Нара Плотева - Бледный
Он слышал спор. Его подняли на табурет. Кругом были люди: тесть со своими качками, органы.
— Тварь! — орал багровый от злобы тесть. — Тварь, Лена где?!
— Фёдор Иванович! — сказал следователь. — Позвольте-ка! — Был он в куртке, нервным кулаком сразу смазал Девяткина по лбу. — Как же вы, Пётр Игнатьевич, вешались, а про ваши дела мемуаров не написали… — С пола он поднял его за волосы на табурет. — Колитесь. Вы нам признание — мы вам шанс сдохнуть. Напишете — мы уйдём… Хотите, я вас сам вздёрну? — глумился следователь.
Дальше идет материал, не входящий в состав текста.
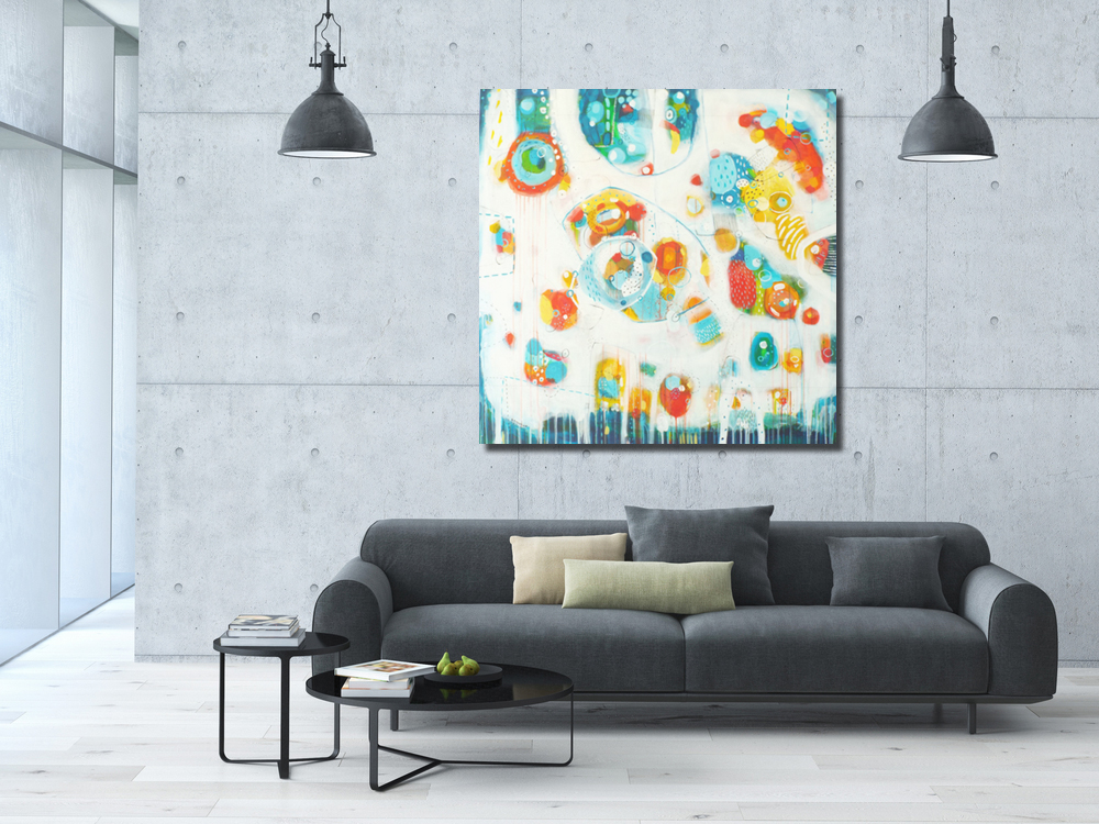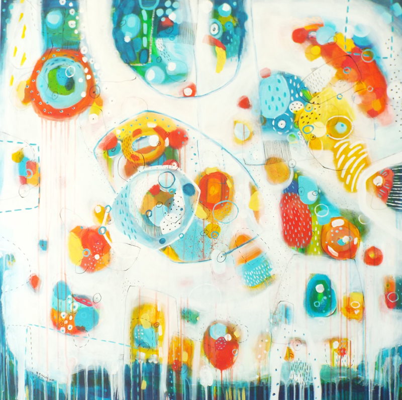 „Be happy II” 2020r., akryl/ płótno, wym. 100/100cm.
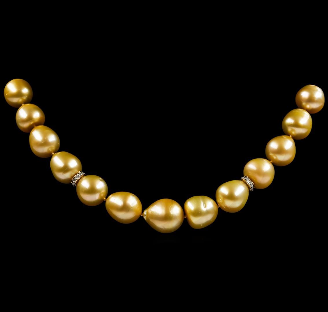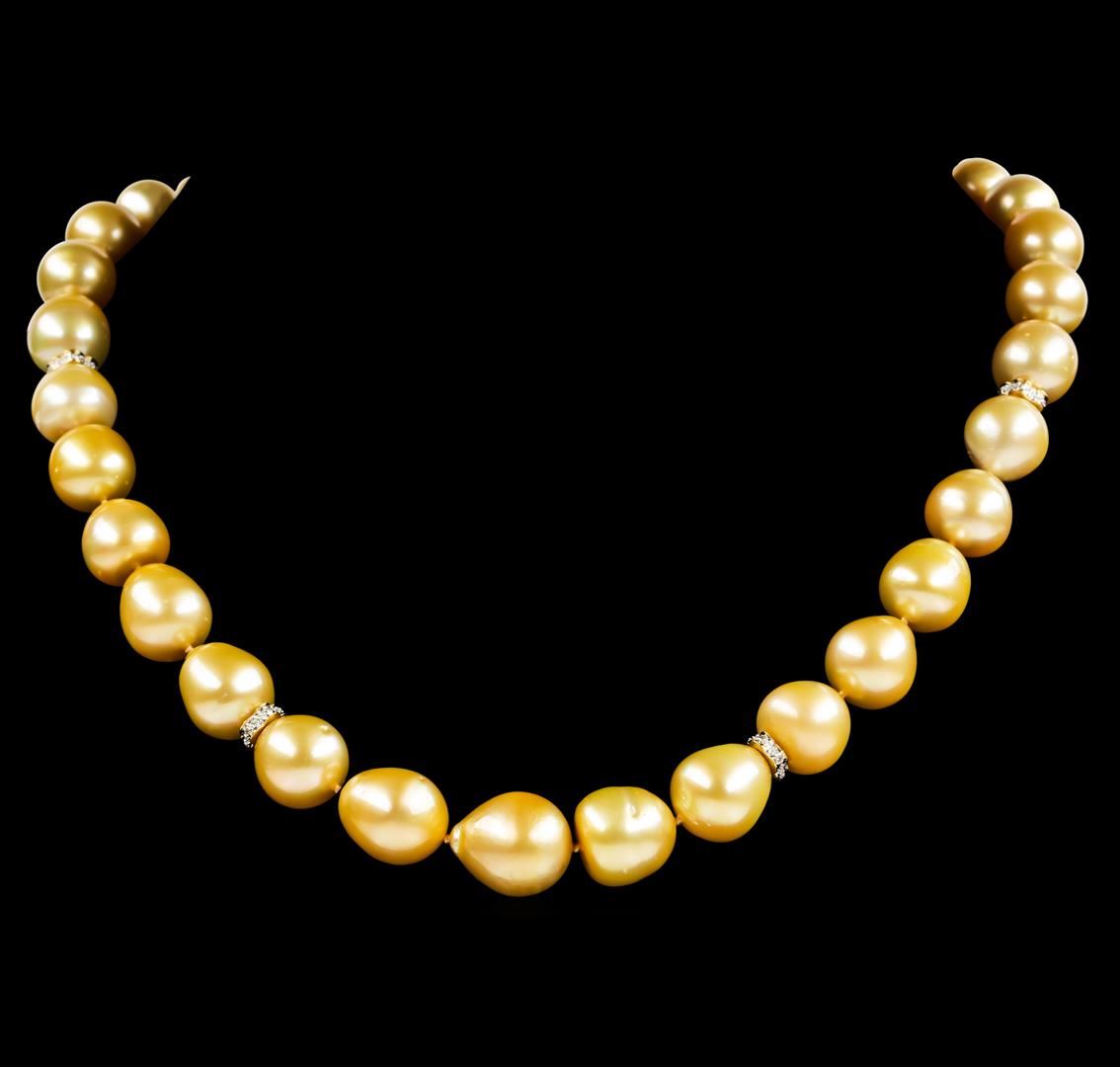 One graduated single strand pearl necklace 18.5' princess length, knotted with a tongue clasp & foldover safety containing 33 south sea cultured pearls, 14.9mm to 11.0mm in size. The pearls are dark golden in color with a good luster, off round, and mostly clean with good matching. The featured pearl necklace has 14KT yellow gold clasp and rondels. Graded on the strand.South Sea cultured pearls are farmed in the oceans surrounding Australia, Indonesia, the Philippines and the southern coast of China. The main source of Australian South Sea pearls lies in the northwest on the Kimberly coast. South Sea cultured pearls are formed in the Pinctada Maxima oyster. These pearls take between two to three years to grow and have a unique nacre due to the fast moving and clean waters of the South Seas. Forty-Seven prong set single cut diamonds, measuring 1.10 - 1.00 x 0.65mm (depth est.) approximate total weight of 47 Stones = 0.20ct. Graded in the setting. Color G - H Clarity VS-2 to SI-2 Cut Good. Total Weight of Diamonds 0.20ct.. Total Weight of 99.10gm GAS Appraised at $18,400.00.
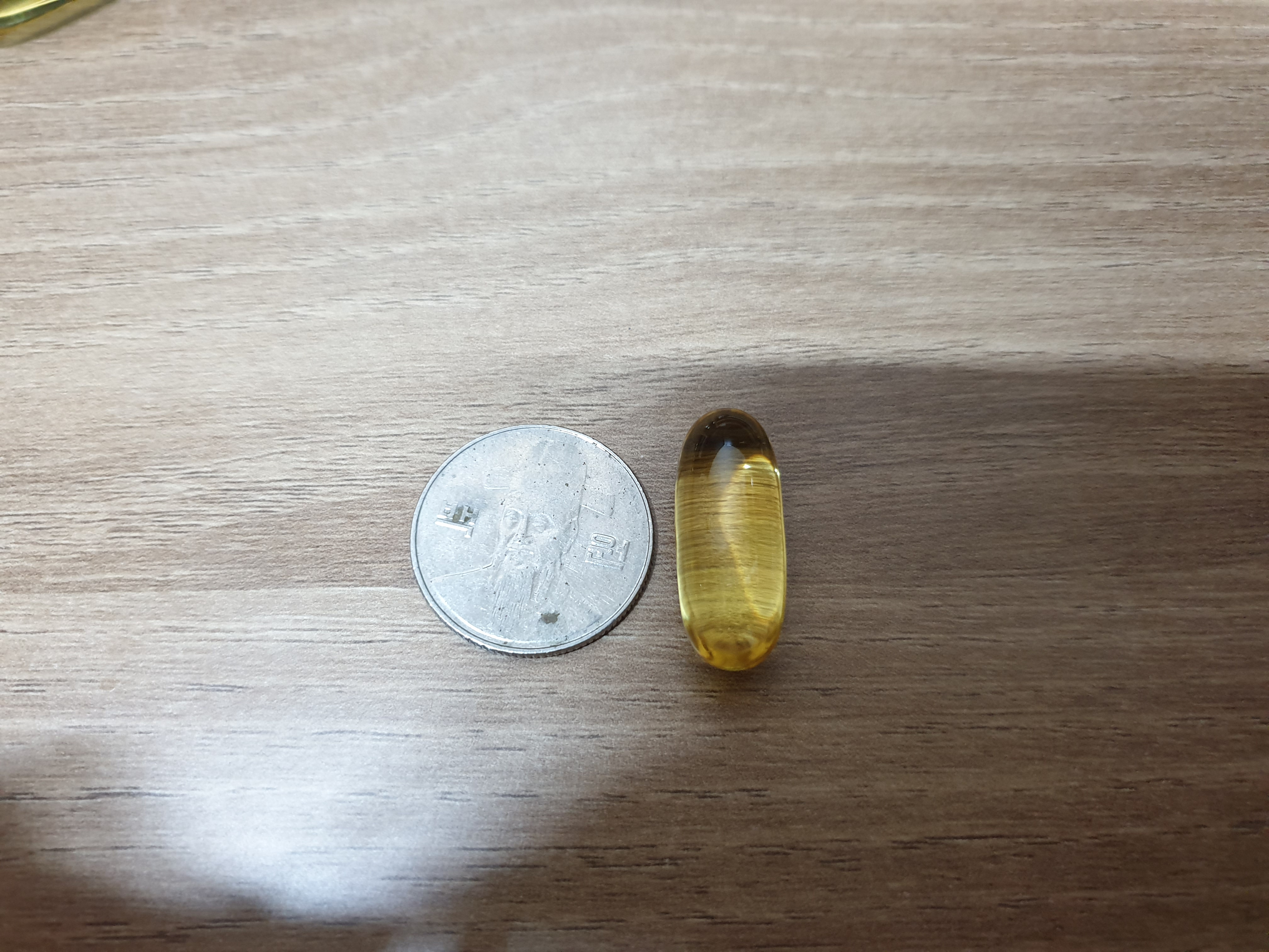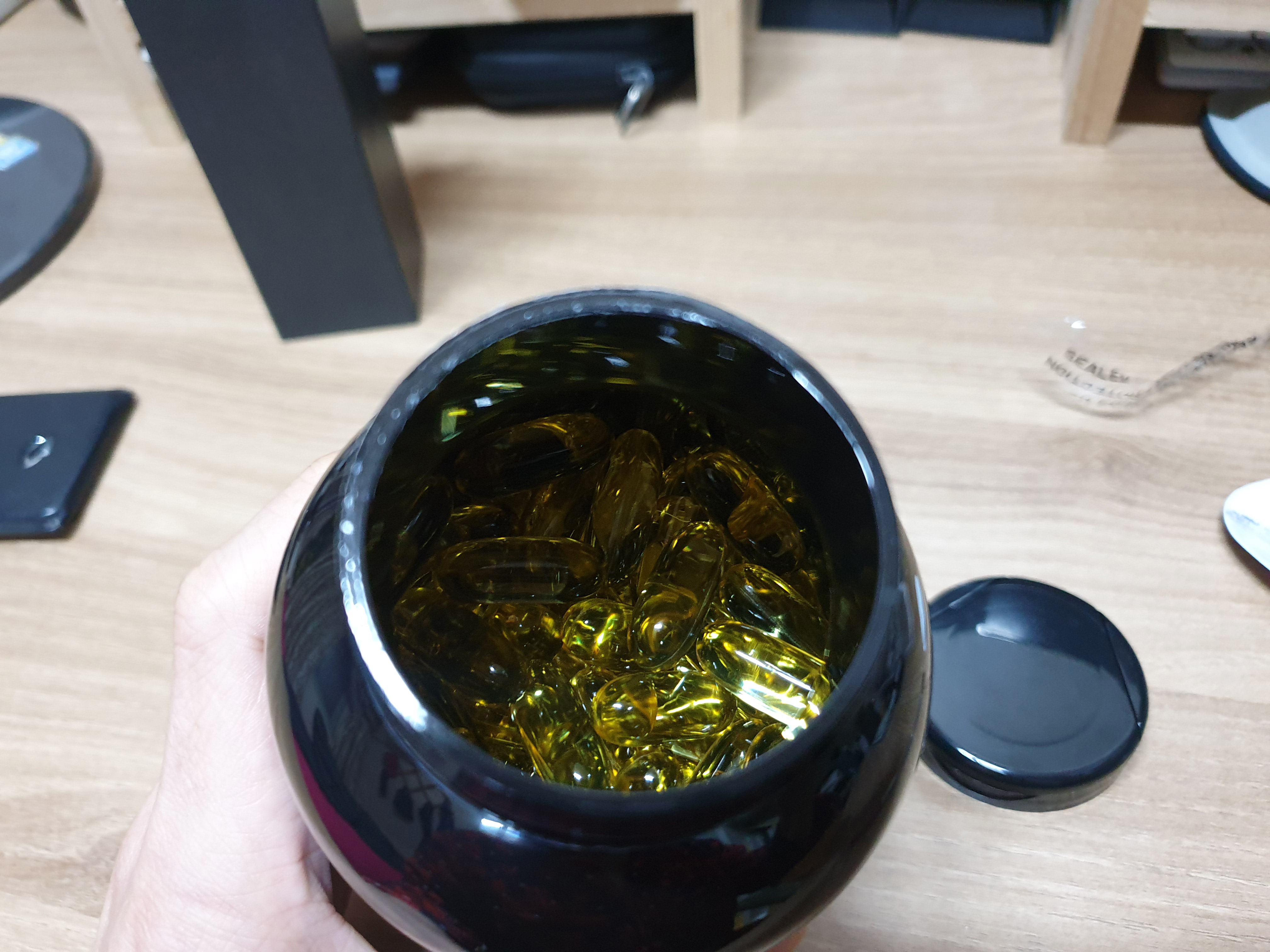 연질 캡슐로 되어있고, 크기는 100원짜리 동전보다 살짝 큰 정도에요.

— Я ему прежде х… отщёлкну! — выругался тесть. — Гад, где они?! Что стоите, а? Шарьте!
— Плакали, Пётр Игнатьевич? — следователь воткнул ему в промежность остроносую туфлю. — Щёчки в слезах, ой-ёй! Плачьте. Вам так повезло, что, кому и скажи, уссутся. Вместо СИЗО такому, как вы, красивому, вместо зоны с пожизненкой, где вас, милого, будут бить, вас вздёрнут… Пётр Игнатьевич, — шепнул следователь, — будь уверен, уж сам заплатил бы, чтоб вас херачили каждый день три года, а на четвёртый — харей в сортир!
— Что вам нужно?
— Цыц! Начнёте, как я команду дам. Это вам будет нужно, чтоб не мучиться, а сразу… — Следователь толкнул его в пах туфлей и вновь отправил на табурет. — Такой расклад. Вы с признанием — мы с согласием вам повеситься. Вы, давайте, будете нам всю правду. Я текст проверю, как полагается, и повешу вас лично, чтоб без балды, чтоб завтра вам стопроцентную труповозку. За ночь вы сдохнете тыщу раз. Ваш выбор? Ой, не молчите, Пётр Игнатьевич! Вы и так висели! Мы вас спасли, чтоб вы выполнили ваш долг. У нас — как это врут в Америке? — воля. Вешайтесь! На людях смерть красна! Вы сами без принуждения здесь висели. Ценим ваш героизм, что вы сами себя казните.
— Я не виновен.
Тесть подскочил, но следователь сдержал его.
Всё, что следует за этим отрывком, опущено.